In den vergangenen Wochen standen die radikalen Reformen von Äthiopiens neuem Regierungschef im Vordergrund. Der seit April amtierende Abiy Ahmed hat unter anderem mit dem langjährigen Rivalen Eritrea Frieden geschlossen. Doch in dem Vielvölkerstaat am Horn von Afrika herrschen noch immer mehrere ethnische Konflikte.

Die jüngste Gewaltwelle im Süden Äthiopiens begann Wells zufolge Mitte April und eskalierte im Juni. Auslöser sind vor allem Spannungen über die Nutzung von Land, da die Region dicht besiedelt und die Konkurrenz um Weideland und andere Ressourcen groß ist.
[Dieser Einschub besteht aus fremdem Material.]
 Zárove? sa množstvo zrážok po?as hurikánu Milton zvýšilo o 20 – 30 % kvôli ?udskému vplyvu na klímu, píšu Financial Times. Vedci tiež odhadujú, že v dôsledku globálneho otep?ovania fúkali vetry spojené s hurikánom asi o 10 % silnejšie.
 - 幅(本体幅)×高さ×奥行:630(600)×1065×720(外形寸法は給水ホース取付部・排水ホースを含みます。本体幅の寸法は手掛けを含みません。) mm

Der Konflikt sei durch Provokationen von einzelnen Menschen, Sicherheitskräften und Regierungsvertretern ausgelöst worden, die unterschiedliche Gruppen für politische Zwecke gegeneinander ausspielen wollten, sagte Mitiku Kassa, der Leiter der äthiopischen Katastrophenschutzbehörde.
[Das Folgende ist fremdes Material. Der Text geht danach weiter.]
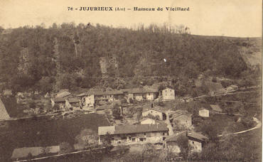 A l'extrême nord est de la commune voici Vieillard ,dans un site magnifique, sur les bords d'un gigantesque entonnoir. C'est un pays où le vignoble est conséquent fournissant des vins reconnus et d'excellente qualité. Il est certain que cet endroit fut dès la période romaine un lieu privilégié. Il ne fut, semble‑t‑il, pas toujours cet humble fief. Dès le XVème siècle, Vieillard faisait déjà partie de la paroisse de Jujurieux, mais dépendait de la baronnie de Châtillon‑de‑Cornelle. Ce hameau qui était en toute justice dépendait de Poncieux.Vieillard qui s'écrivit au cours des siècles Viellar, Vielliard, et enfin Vieillard, est riche d'histoire dont il ne reste pas ou très peu de vestiges. On trouve trace d'une chapelle, et notamment de son prêtre, Pierre Framinet, en 1531. Il subsiste trois vestiges, avec drapé, d'un statuaire(du XIVeme ou XVeme siècle). Ces statues restaurées en 1996, installées dans une niche près du four sont celles de saint Blaise, patron du hameau, saint Sébastien, saint Apollinaire. La tradition prétend que les statues pourraient avoir été jetées au moment de la révolution dans une vigne.

Keine Opposition im Parlament

Die instabile Lage erschwert die Arbeit der Helfer. "Viele der betroffenen Regionen im Süden Äthiopiens sind in den vergangenen Monaten schwer bis gar nicht erreichbar", sagte Matthias Späth, der Leiter der Welthungerhilfe am Horn von Afrika.

Äthiopien mit seinen rund 100 Millionen Einwohnern wurde lange mit harter Hand regiert. Die Opposition ist im Parlament nicht vertreten. Allerdings hat der neue Regierungschef Abiy seit seinem Amtsantritt Hunderte politische Gefangene freigelassen, Oppositionsgruppen von der Terrorliste gestrichen und den Verkauf von Anteilen einiger Staatsunternehmen angekündigt. Äthiopien zählt trotz eines raschen Wirtschaftswachstums UNO-Statistiken zufolge noch immer zu den ärmsten Ländern der Welt.